WHAT IS NEEDED: Below are records with pictures. Reproduce exactly the lines from the line with "执行命令?lastb,通过 查看所有登录系统失败的用户的信息。 返回结果如下图所示:/var/log/btmp" to the line with "ABC News reports", inclusive, and leave each picture out.

GIVEN RECORDS:
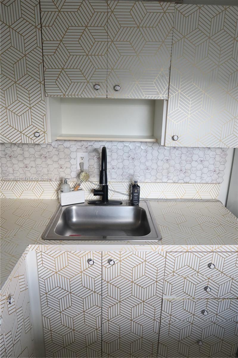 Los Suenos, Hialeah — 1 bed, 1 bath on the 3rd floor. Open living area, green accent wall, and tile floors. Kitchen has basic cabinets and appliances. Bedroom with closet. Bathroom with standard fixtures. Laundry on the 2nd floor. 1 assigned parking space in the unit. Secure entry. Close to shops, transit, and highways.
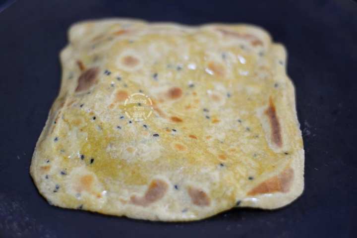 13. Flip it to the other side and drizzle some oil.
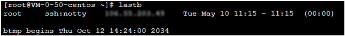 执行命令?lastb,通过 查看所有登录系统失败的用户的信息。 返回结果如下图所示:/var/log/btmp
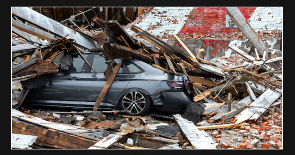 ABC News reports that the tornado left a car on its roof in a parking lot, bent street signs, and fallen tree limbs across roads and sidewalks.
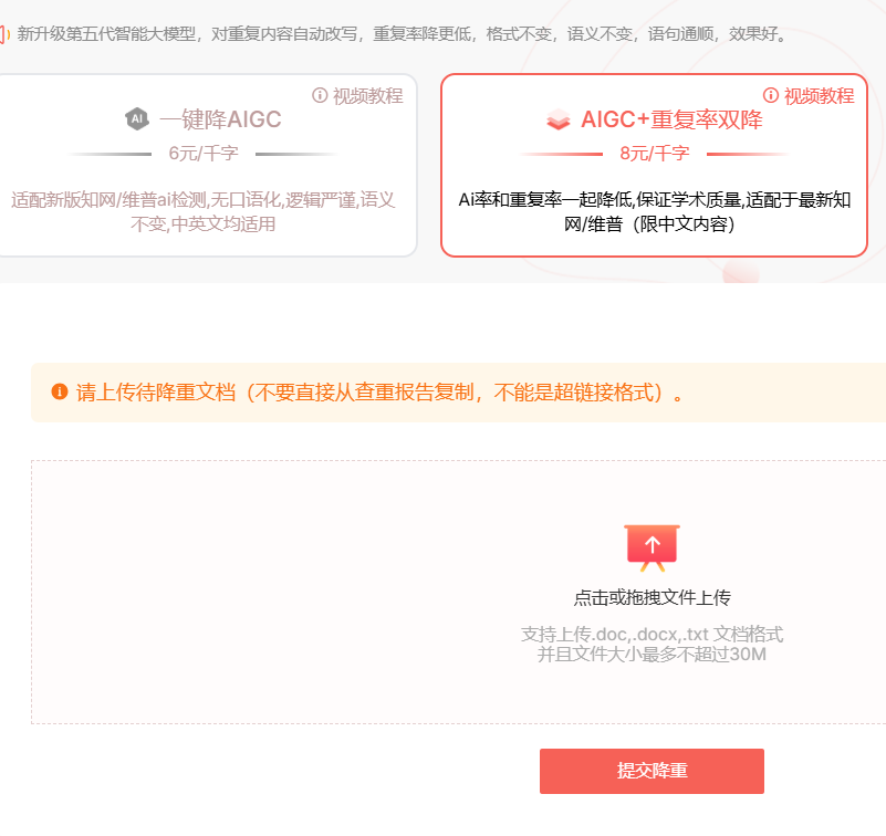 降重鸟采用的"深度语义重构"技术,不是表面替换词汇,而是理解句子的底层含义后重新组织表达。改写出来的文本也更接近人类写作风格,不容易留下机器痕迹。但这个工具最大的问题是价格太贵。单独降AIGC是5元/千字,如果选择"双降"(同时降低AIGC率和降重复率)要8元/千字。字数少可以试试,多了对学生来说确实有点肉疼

TASK OUTPUT:
 执行命令?lastb,通过 查看所有登录系统失败的用户的信息。 返回结果如下图所示:/var/log/btmp
 ABC News reports that the tornado left a car on its roof in a parking lot, bent street signs, and fallen tree limbs across roads and sidewalks.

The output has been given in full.